La ciudad cansada y sombría había pasado varias veces de las manos de los italianos a las de los griegos, y viceversa. Bajo la indiferencia general se cambiaban las banderas y el dinero. Nada más.

FRAGMENTO DE CRÓNICA

… el cambio de moneda. El leke albanés y la moneda italiana, la lira, quedan fuera de circulación. La única moneda de curso legal será de ahora en adelante el dracma griego. El plazo para el cambio es sólo de una semana. Ayer se abrió la prisión. Los encarcelados, tras mostrar su agradecimiento a las autoridades griegas, se marcharon cada uno por su cuenta. Ordeno la supresión de la oscuridad obligatoria desde el día de hoy. Ordeno la imposición del toque de queda desde las 6 de la tarde hasta las 6 de la mañana.

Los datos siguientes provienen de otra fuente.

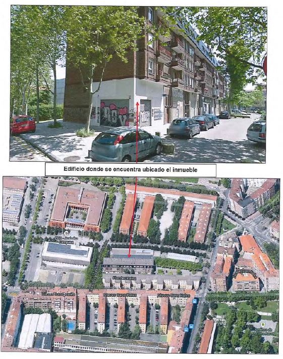 El local se encuentra en el término municipal de Vitoria, dentro del conjunto inmobiliario formado por los portales nº 12 y 14 de la calle Flandes. En la planta baja del portal nº 14, a la izquierda del portal, señalado como local 1.Tiene acceso independiente desde la calle Francisco Tomás y Valiente. El local es prácticamente cuadrado. Hace esquina con la calle Flandes y la calle Francisco Tomás y Valiente que es por donde tiene su entrada. Las fachadas se encuentran alicatadas y poseen dos grandes ventanales metálicos, protegidos con persianas metálicas ciegas. Interiormente, presenta una zona principal diáfana y otra auxiliar separada de la principal por un muro de ladrillo cara vista que no llega al techo. Esta zona auxiliar dispone de un pequeño baño y aseo. El solado es de tipo cerámico y tiene falso techo de escayola, siendo la altura libre en la zona principal de 3,24 metros y de 2,20 metros en la zona de servicio.

El comandante de la plaza: Katantzakis. Nacimientos. Casamientos. Defunciones. D. Kasoruho e I. Grapshi han tenido un varón. Th…

FRAGMENTO DE CRÓNICA

… ir: el restablecimiento de la oscuridad obligatoria para toda la ciudad. Ordeno la suspensión del toque de queda. Ordeno la reapertura de la prisión y el regreso de los condenados para el cumplimiento de las penas. El comandante de la plaza, Bruno Archivocale. Apresúrense a realizar el cambio de moneda. La moneda griega, el dracma, queda fuera de circulación. Las únicas monedas de curso legal son el leke albanés y la lira italiana. Lista de los muertos en el bombardeo de ayer: B. Dobi, L. Maksut, S. Kalivopulli. Z. Zazan, L.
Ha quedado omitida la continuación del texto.